Medikationsmanagement: Die Sicht der Ärzte

Apotheker Krone: Was versteht die Ärzteschaft unter dem Begriff Medikationsmanagement bzw. welche Aufgaben umfasst es?

Prof. Szekeres: „Der Begriff Medikationsmanagement ist in der Ärzteschaft nicht sehr gebräuchlich. Grundsätzlich umfasst er eine der grundlegenden Tätigkeiten der Ärzteschaft, die man ebenso als Diagnose, Therapievorschlag und Verordnung bezeichnen könnte. Je mehr Medikamente ein Patient einnehmen muss, umso komplexer wird diese Tätigkeit. Die Besprechung, Strukturierung und Optimierung von Medikationen sind komplexe medizinische Tätigkeiten, die von Ärztinnen und Ärzten ausgeführt werden sollten.“

Wie soll Collaborative Care aus Ihrer Sicht aussehen?

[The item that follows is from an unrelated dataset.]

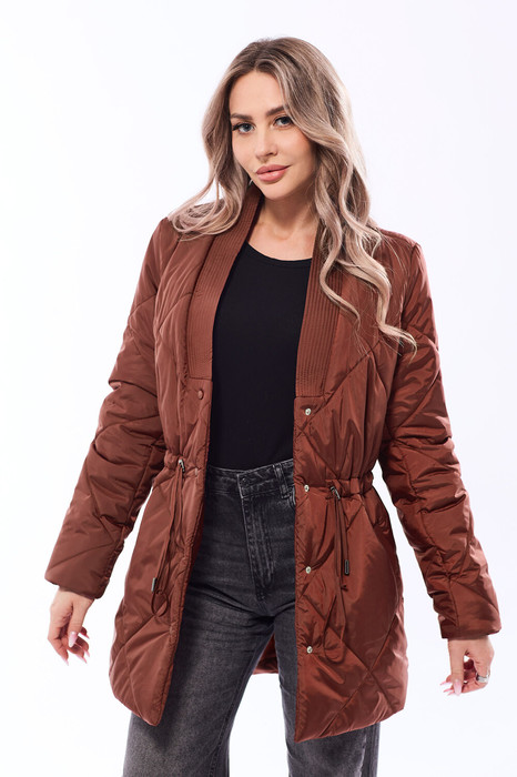 Куртка утепленная, с центральной застежкой на кнопки, втачным воротником, V-образным вырезом горловины. На полочках расположены прорезные карманы с листочками. На линии талии расположена кулиса со шнуром. Толщина синтепона 150г/м2, , изделие рекомендуется до -5 градусов.

„Die Zusammenarbeit zwischen den einzelnen Professionen im Gesundheitssektor ist ein sehr wichtiger Faktor für eine optimale Versorgung der Patienten. Dabei ist es von großer Bedeutung, dass einzelne Akteure gut zusammen­arbeiten. Im Bereich der Medikation verlassen sich die Patienten darauf, dass die Therapiehoheit beim Arzt liegt. Es ist daher problematisch, wenn der Patient ohne Rücksprache mit dem behandelnden Arzt ein anderes Medikament oder eine andere Dosierung in der Apotheke erhält.“

Wie beurteilen Sie die Entwicklungen von Collaborative Care um Österreich herum, z. B. in Deutschland oder Großbritannien, wo die Patientenservices von Ärzten und Apothekern hinsichtlich Medikationsmanagement zusehends verschmelzen?

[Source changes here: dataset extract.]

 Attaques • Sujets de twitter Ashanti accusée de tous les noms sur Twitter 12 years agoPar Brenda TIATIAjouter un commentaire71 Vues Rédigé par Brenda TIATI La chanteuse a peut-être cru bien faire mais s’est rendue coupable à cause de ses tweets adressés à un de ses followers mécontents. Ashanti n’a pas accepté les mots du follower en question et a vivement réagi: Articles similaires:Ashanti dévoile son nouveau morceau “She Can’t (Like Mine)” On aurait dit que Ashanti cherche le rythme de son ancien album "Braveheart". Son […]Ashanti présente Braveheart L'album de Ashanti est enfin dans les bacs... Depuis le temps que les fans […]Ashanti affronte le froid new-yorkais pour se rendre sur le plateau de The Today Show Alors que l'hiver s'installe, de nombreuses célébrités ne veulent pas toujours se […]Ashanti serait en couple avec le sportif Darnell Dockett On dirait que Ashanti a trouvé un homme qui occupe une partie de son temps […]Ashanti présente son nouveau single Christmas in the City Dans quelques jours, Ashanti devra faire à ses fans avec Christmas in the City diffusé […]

Es ist fraglich, ob diese Entwicklung positive Auswirkungen für Patientinnen und Patienten haben wird. Eine gute Zusammenarbeit zwischen Apothekern, Ärzten und anderen Gesundheitsprofessionen ist sehr wichtig, dennoch halte ich es für wichtig, dass es nach wie vor eine klare Trennung der Aufgaben von Apothekern und Ärzten gibt. So können beispielsweise Entscheidungen über die Dosierung von Medikamenten und eine Anpassung an die Nieren- und Leberfunktion nur von Ärztinnen und Ärzten getroffen werden.

Welchen Nutzen bringt Medikationsmanagement für den Berufsstand, den Patienten und die Kostenträger?

„Es ist mehr als fraglich, ob sich durch umfassendes Medikationsmanagement in den Apotheken Spitalsaufenthalte und Gesundheitskosten reduzieren lassen. Grundsätzlich gilt natürlich: Je besser ein Patient versteht, wie einzelne Medikamente wirken und warum es wichtig ist, diese einzunehmen, umso höher ist auch die Therapietreue und somit der Therapieerfolg. Es ist daher sehr wichtig, dass die Patienten ihren Hausarzt als Vertrauensarzt über alle Medikamente und auch OTC-Produkte, die eingenommen werden, informieren. Spitäler verordnen sehr oft andere Medikamente als niedergelassene Ärzte, daher gibt es hier einen Bedarf an besserer Koordination zwischen Apotheken, Spitälern und dem niedergelassenen Bereich.“

Welche Patienten profitieren am meisten, und warum genau in diesen Indikationen?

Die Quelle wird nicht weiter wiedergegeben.